Diploic veins are a complex vascular network within the cranial wall, playing a significant role in human cranial blood circulation. Since their discovery in the early 18th century, research on this structure has been limited by the traditional dissection methods, leaving many questions unresolved regarding their morphological variations, functions, and implications for human evolution. Recent advances in CT and MR imaging and newly-developed 3D reconstruction techniques have overcome previous bottlenecks, which can detect the morphological details of these vascular structures. New studies have revealed that traditional classifications of diploic veins lack broad applicability, while also redefining their distribution areas and patterns and identifying functional roles in cerebrospinal fluid circulation and cerebral thermoregulation, which may be essential to human brain physiology. Research on hominin fossils has further highlighted interspecific differences in diploic veins, offering potential applications in future taxonomical discussions.
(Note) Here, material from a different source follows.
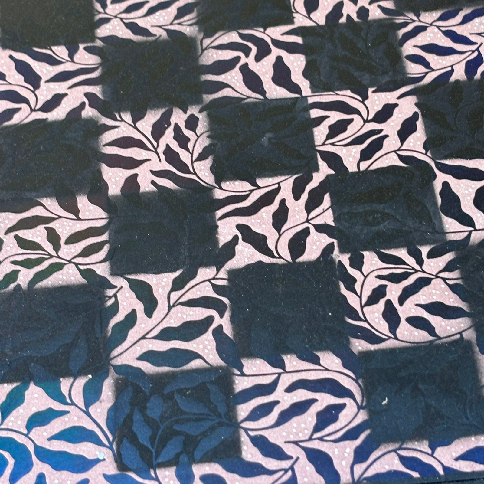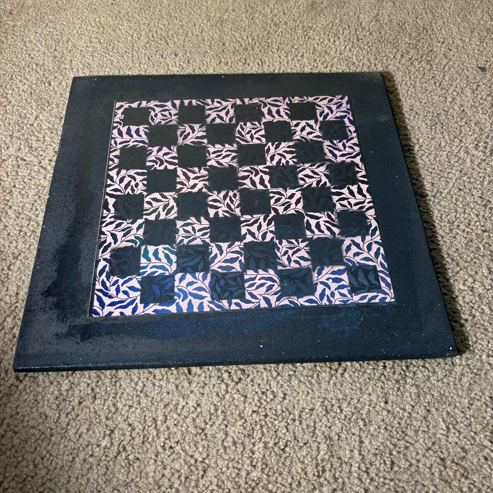The chessboard is crafted from a 16x16 inch particle board, featuring a 12x12 inch scrapbook paper playing area. Both the board and squares are hand-painted with care, making each set truly unique. Add a touch of artistry to your game night with this beautiful chess set!

The current evidence indicates that the diploic vascular pattern can identify Neanderthal cranial fossils from other Homo species, and it also help differentiate non-human primates from hominins. Additionally, diploic veins may have contributed to human brain evolution, with possible links to brain volume and regional endocast morphology. To clarify the mechanism behind the variation and evolution, further studies are warranted to investigate the diploic vascular morphology and physiology in large extant human populations and also in hominin fossils. This paper reviews the history of diploic vein research and synthesizes recent advancements, summarizing methodologies, technical challenges, and future directions to promote further studies in this field.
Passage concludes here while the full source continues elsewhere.